Selbst die linksradikalen Parolen, die Jahr für Jahr bemüht werden, können nicht darüber hinwegtäuschen: Der Sound von Kreuzberg ist ein anderer geworden. Aus der Bolle-Ruine wird bald eine Moschee. Nur eines ist geblieben: die soziale Frage. Millionen gibt es heute nicht mehr, dafür gibt es Hartz IV.

Ich werde in diesem Jahr wieder auf den Kreuzberger Mai gehen. Nicht die linksradikalen Parolen sind es, die mich mobilisieren, sondern die Vorstandsgehälter der Herren Ackermann und Co. Auch auf die Diskussion über das bedingungslose Grundeinkommen bin ich gespannt. Dazu wird sich der DGB auch dieses Jahr ausschweigen.

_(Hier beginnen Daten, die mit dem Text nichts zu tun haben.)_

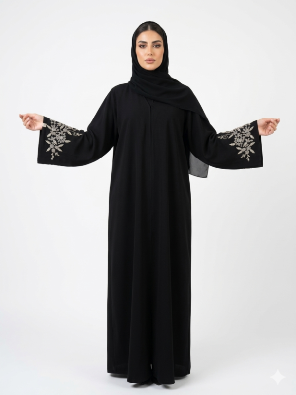 تتميز بتطريز يدوي متقن على الأكمام، مستوحى من تفاصيل أوراق الغاف، ليعكس لمسة فنية راقية تضيف فخامة وخصوصية لكل إطلالة.
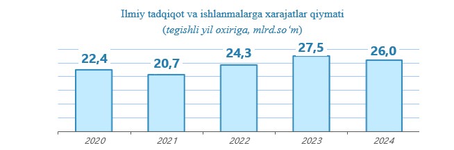 2024-yilda ilmiy tadqiqot va tajriba-konstruktorlik ishlanmalariga хarajatlarning eng ko‘p qismi Samarqand shahrida – 52,0 % (13,5 mlrd. so‘m),

Wahrscheinlich werde ich auf die „Mayday“-Parade gehen. Ein Marsch „gegen die Prekarisierung“ scheint mir als aktuelle Interpretation des historischen Ereignisses angemessen. Selbst das „Myfest“ des Bezirksamts will ich mir nicht entgehen lassen. Dass es den „revolutionären 1. Mai“ befriedet habe, ist Schnullifatz. Befriedet haben ihn die Szene, die keinen Bock mehr hatte und die Polizei, die ihre Zeit inzwischen lieber mit Simsen und Sonnenbräunen verbringt als mit Knüppelschwingen. Ja ja, mit der Zeit werden wir alle milde und versöhnlerisch.

Natürlich wird auch Nostalgie mit dabei sein. 20 Jahre später bin ich Zeitzeuge, für manche gar revolutionärer Geschichtsonkel. Plötzlich wollen alle wissen, wie es war, als sich Kreuzberg bei Bolle köstlich amüsiert hat.

Was ich dann sage? Ich erzähle vom Sound einer Revolte, die schon mit dem Fall der Mauer zu Ende ging. Nur meine Lederjacke habe ich immer noch, irgendwo im Keller liegt sie vergraben.